Ramón Muñoz filed a petition for a writ of habeas corpus in the former District Court of Puerto Rico, Ponce Section, against Aleja Torres, claiming the custody of a girl, Lourdes Muñoz Roche, who is petitioner’s daughter, and was five years of age at the time of the hearing of the case on May 29, 1951. Aleja Torres is the grandmother of the child. At the hearing of the case, she joined the minor’s mother, Leonor Roche, as codefendant. The Ponce Court rendered judgment sustaining the petition for habeas corpus and awarding the custody of the girl to her father, the petitioner.
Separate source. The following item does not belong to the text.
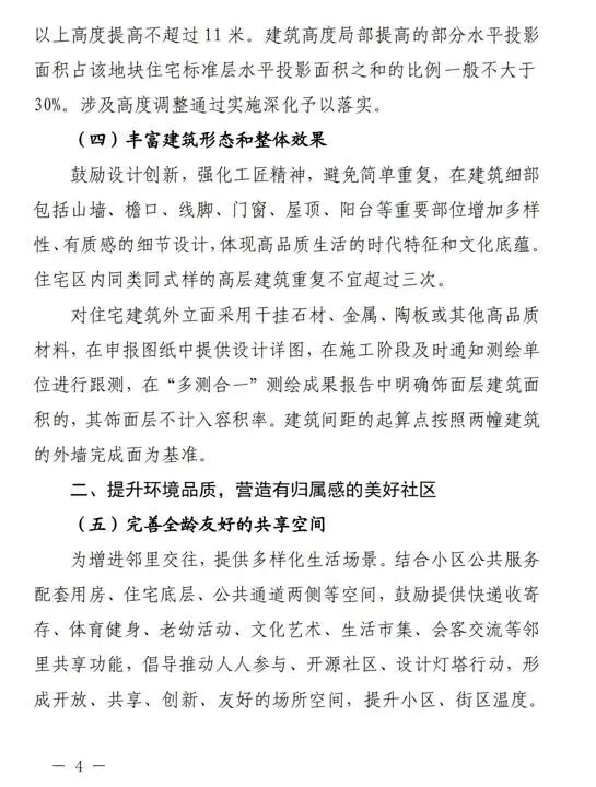 在提升小区整体环境品质方面,新规也有变化。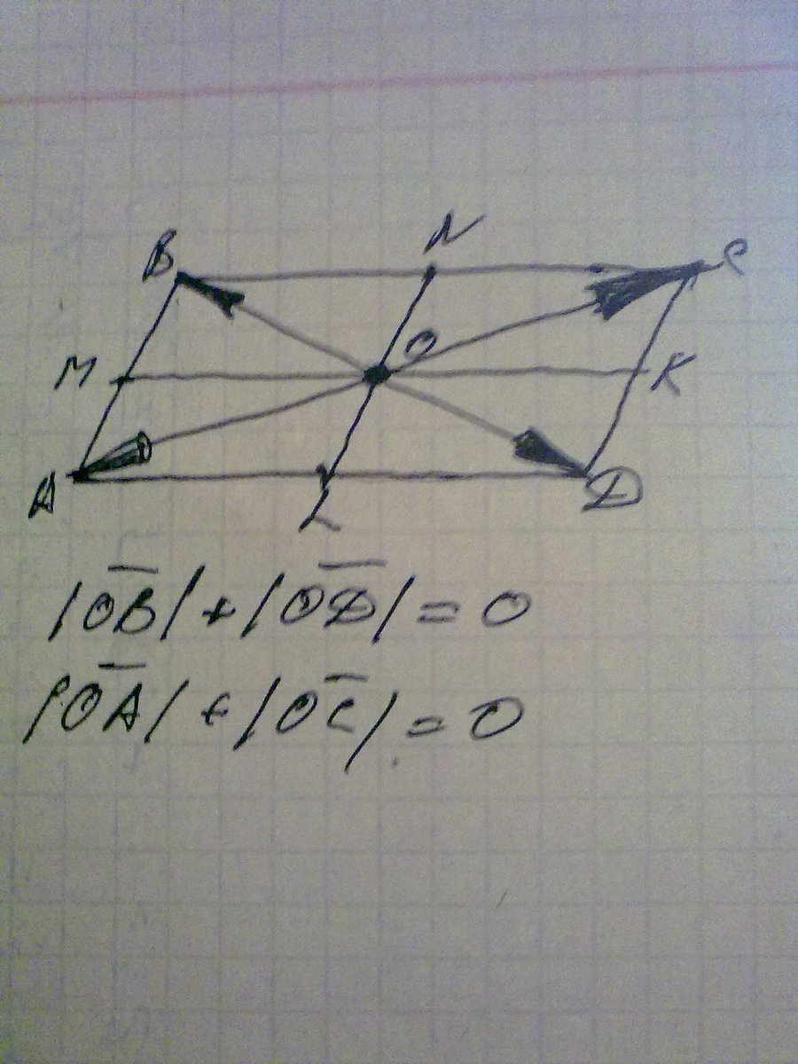 в четырехугольнике ABCD точки M,N,K,L являются серединами AB,BC,CD,AD соответственно прямые MKи LN пересекаются в Oдоказать чтосумма векторов OA+OB+OC+OD=0

The judgment was based on the following findings of fact: ‘

*478“1. About 1945 Ramón Muñoz had sexual relations with Leonor Roche, from which a child named Lourdes was born in 1946. At her birth the plaintiff, who was stationed as a soldier in Trinidad, came especially to Puerto Rico to acknowledge her as his daughter and this he did.
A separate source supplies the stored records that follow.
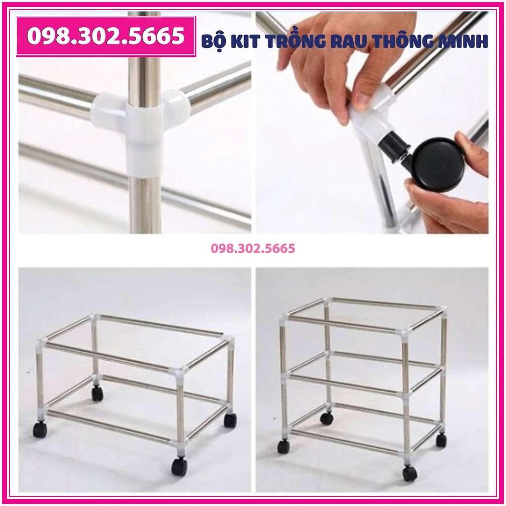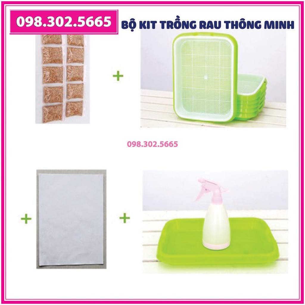 Bộ kít 4 khay, 4 tầng bao gồm: Giá đỡ có 4 bánh + 4 Khay trồng + 200g Hạt giống + Vòi xịt nước.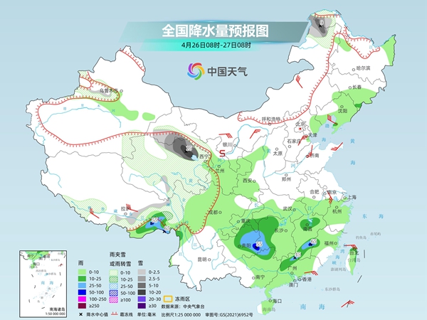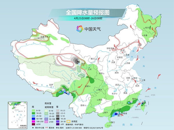 中央气象台预计,今天,新疆沿天山地区和南疆南部、西藏北部和东部、青海大部、甘肃南部、川西高原北部等地部分地区有小到中雪或雨夹雪,局地有大雪。西藏东南部、四川盆地西北部、云南西北部、福建中南部、广东南部、台湾岛北部等地部分地区有中到大雨,其中,西藏东南部、广东西南部、台湾岛西北部等地部分地区有暴雨。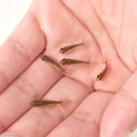 | 繁殖 | 金魚は1歳で繁殖可能になりますが、親魚に適するのは2歳以上から5歳くらいです。 春先に繁殖期を向かえ、オスは発情すると口やエラに追い星と呼ばれる白い突起が出現します。 産卵が行われるのは朝方が多く、オスが激しくメスを追いかけ、水草などの産卵床に卵を産み付けます。 一度の産卵で1000粒以上産むため、産卵させる場合には十分な準備が必要です。 産卵された卵は親魚に食べられてしまうので、発見次第別の水槽に移し、25°C程度の水温で十分にエアレーションを行い、1週間程度でふ化します。 ふ化した稚魚はしばらく餌は必要なく、遊泳を開始したらブラインシュリンプの幼生をふ化させて与えると良いでしょう。 金魚の稚魚は黒い体色を持ち、成長と共に黒い体色が落ち体色が判別可能となります。 産卵後の親魚は著しく体力を消耗し、調子を戻すのが非常に難しく、産卵時についた傷や鱗のはげが治らないことも多いです。安静にしてじっくり様子を見る必要があります。 |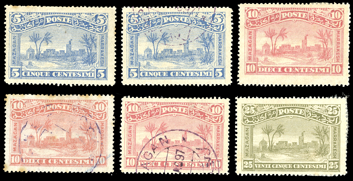 MAROCCO-MAZAGAN A MARRAKECH 1897 - Lotto di sei esemplari nuovi o usati (Yv.53,54,55).

“2. Since her birth, Lourdes has lived in her grandmother’s house, codefendant Aleja Torres, a widow 55 years old. In June 1949, Leonor Roche left her daughter with Doña Aleja and went to the United States where she stayed until September of that year, when she returned to her mother’s house in Las Par-celas of Juana Diaz, and remained ever since.
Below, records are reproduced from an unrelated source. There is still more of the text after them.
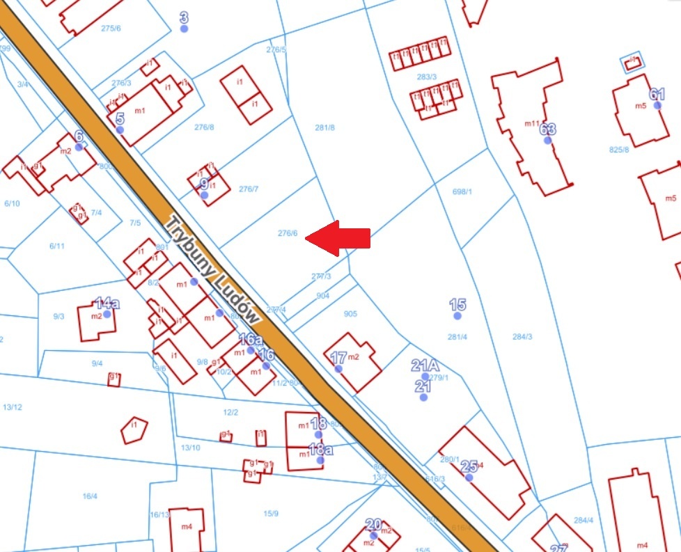 DODATKOWE INFORMACJE: wykonany prąd budowlany, wykonany i odebrany zjazd z drogi publicznej na działkę, dodatkowo udział w bocznej działce drogowej 277/3 i 277/4, zaprojektowana infrastruktura komunikacyjna piesza i kołowa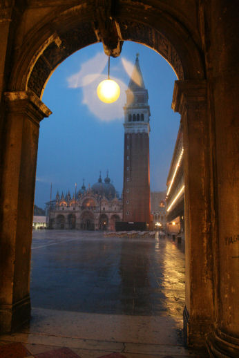 with a fine photograph, I think, of a rain-lashed Piazza.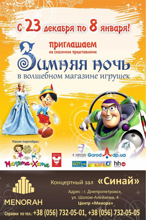 "Зимняя ночь в магазине игрушек" состоится 23 декабря 2012, 11:00, воскресенье в БЦ Менора, зал "Синай". С помощью сервиса internet-bilet.ua, Вы сможете с легкостью забронировать, заказать и купить билеты на интересующий Вас концерт, спектакль, оперу, балет, мастер-классы, спортивные и детские мероприятия, оплатив их самым удобным для Вас способом: через интернет банковской картой VISA/MasterCard, наличными или курьером, если сделаете заказ билета c доставкой.

“3. Some time after her return from the United States, and at the very house of codefendant, Doña Aleja, Leonor had relations as husband and wife with policeman Santiago Ortiz Berrios, as a result of which a son was born. Leonor herself thus corroborated it.
“4. Doña Aleja has a small four-room house where Leonor and her children live, in addition to Doña Aleja, as well as Raquel Bonaparte, daughter-in-law of Doña Aleja, with, her two daughters, and also two sons and a young lady, daughter of the codefendant; in all nine persons. Doña Aleja pays for the expenses of Leonor and her daughter; her two sons work and earn $24 weekly. Lourdes’ shoes and clothing are bought by her mother Leonor, who receives $10 from plaintiff herein. Doña Aleja does the cooking, washing and ironing and runs the house.
“5. There is no evidence that Leonor has a job or occupation or that she receives income for any kind of work; her mother gives her some expense money. She further stated in her answer, in alleged special defenses, that she and her daughter live with Doña Aleja because she cannot live ‘on the little money that petitioner sends her,’ and it is Doña Aleja who defrays the needs of both.
“6. The plaintiff is a veteran of the Army, who receives a pension for physical disability and for studies. He is the owner of the house and lot where he lives. He married Lillian Muñoz five years ago and has had two daughters in his marriage. The wife testified that two years before the hearing she and her husband had spoken about bringing Lourdes to live with them and that she was willing to have her with her as her own daughter, and would be glad to have her.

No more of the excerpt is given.